God is in Your Crisis
We might say to a group of people, “God is in your crisis.” But it is entirely different to look into the eyes of a hurting believer and say, “God is in your crisis.” This morning, as I read a commentary on the book of Isaiah, those words, “God is in your crisis,” popped off the page to me. I underlined them…and then I chewed on them as I drove to work. And God rephrased them, He re-emphasized them, “God is in YOUR crisis.”
I had been going through a months-long crisis of time management. I had been required to spend way more time at work than I wanted, I was attending more committee meetings at church and I was going through the final proofs of a book project while trying to write another one. The lawn cried for attention and getting ready for the upcoming Northern Michigan winter seemed important. I had way more to do, and way more stress, than I wanted. The day before I read those words I told my wife, “I think I have figured out why I am…” I was struggling for the words to finish my thought and she finished it for me, “…grumpy?” (Note: No one likes spouses who see you better than you see yourself.)
I saw no end to my crisis. I was looking to slow down at work, not speed up. I was looking for less stress, not more. I was looking for more time to write, not less. And for the next few years I knew there was nothing that was going to change, at least not drastically. “God is in YOUR crisis, Karl.” I know that God does not allow times of crisis for no reason; what was I to learn?
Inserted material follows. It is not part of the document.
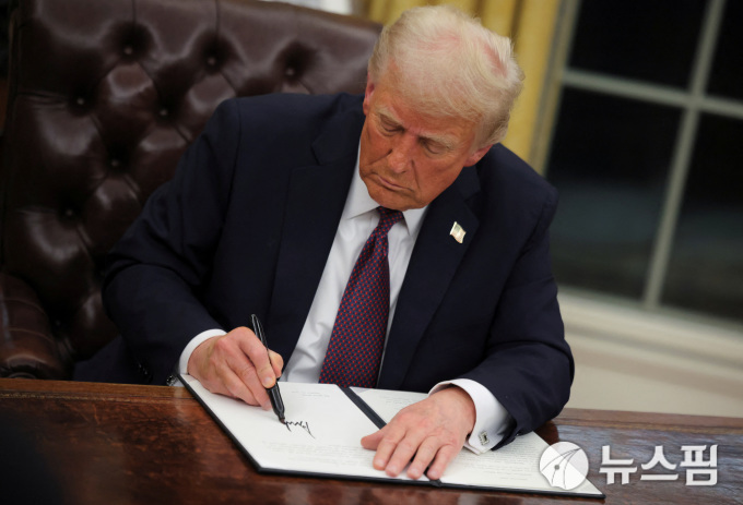 20일(현지시간) 취임 첫날 백악관 집무실에서 행정명령 서명하는 도널드 트럼프 미국 대통령. [사진=로이터 뉴스핌] |

The same morning, as I was scrolling down through my Facebook feed, I stopped as I saw the post of a man who used to attend our church. He had moved to another state but social media allowed us to stay in touch by reading each other’s posts; that was the extent of our contact. But today it was different. He was reporting that his wife had just been diagnosed with “young onset Alzheimer’s.” How does someone survive such a diagnosis? How do you regain your breath as you try to gasp in air after being sucker-punched? What does the future hold? What will my life be like? Why me? And the words ring just as true for Kevin, “God is in YOUR crisis, Kevin.”
Satan, the Roaring Lion of I Peter 5, comes before the Lord one day, checking in with God as he must. God knows Satan’s desire to “seek whom he may devour” and He asks, “Have you considered my servants, Karl and Kevin?” And Satan reminds God of the hedge He had placed around us. And God says, “You can touch them but you can only go this far.” I don’t want Satan to go ‘this far.’ I don’t think Kevin does either. I don’t want the crisis. Many days I don’t even want the lesson the crisis is intended to teach.
But God is patient…and He is persistent…and He is good.
And the purpose of the crisis is the lesson. And the purpose of the lesson is my growth in faith. And faith in God is never disappointed (Romans 5:1-5).
“But I have learned that lesson,” I cry out to God. And He says, “I guess not, or we wouldn’t be back here now. I have something new for you, and better for you, and bigger. You will learn again that I am enough for whatever you face.”
God, who cannot lie, makes a promise that He will work ALL things together for good for His people. “Even for Karl’s mini-crisis?” Yes. “Even for Kevin’s major, life-changing, life-threatening, crisis?” Yes, ALL things.
And the God who loves me, more than I love myself, who knew me in the womb, who has numbered the hairs on my head, who knows the length of my days and who chose me before the foundations of the world were laid, knows that this crisis, this new one, this one that I just do NOT want to face, has an eternal purpose—in my life and in the lives of others. So I agree to face it reluctantly, but expectantly, knowing that He has a good and perfect purpose in my life. He is good…all of the time. Even when my faith is small.
Note: Since the writing of this, Kevin and his wife lived through years of her dementia, him ever by her side, doing whatever he could to ease her days and honor the vows he made before the Lord. “In sickness or in health.” No one, standing at the altar while the minister mouths those words ever imagines dementia might find its mark in their spouse, but it did for Kevin. And his grief moved from that of watching the love of his life become as a little child to the grief of her final breath and of his living alone. And is God big enough for this new crisis that Kevin faces? Absolutely. He has promised He is, now, and forever more.
Originally posted on Facebook, December 18, 2016
Romans 5:1-5 KJV Therefore being justified by faith, we have peace with God through our Lord Jesus Christ: (2) By whom also we have access by faith into this grace wherein we stand, and rejoice in hope of the glory of God. (3) And not only so, but we glory in tribulations also: knowing that tribulation worketh patience; (4) And patience, experience; and experience, hope: (5) And hope maketh not ashamed; because the love of God is shed abroad in our hearts by the Holy Ghost which is given unto us.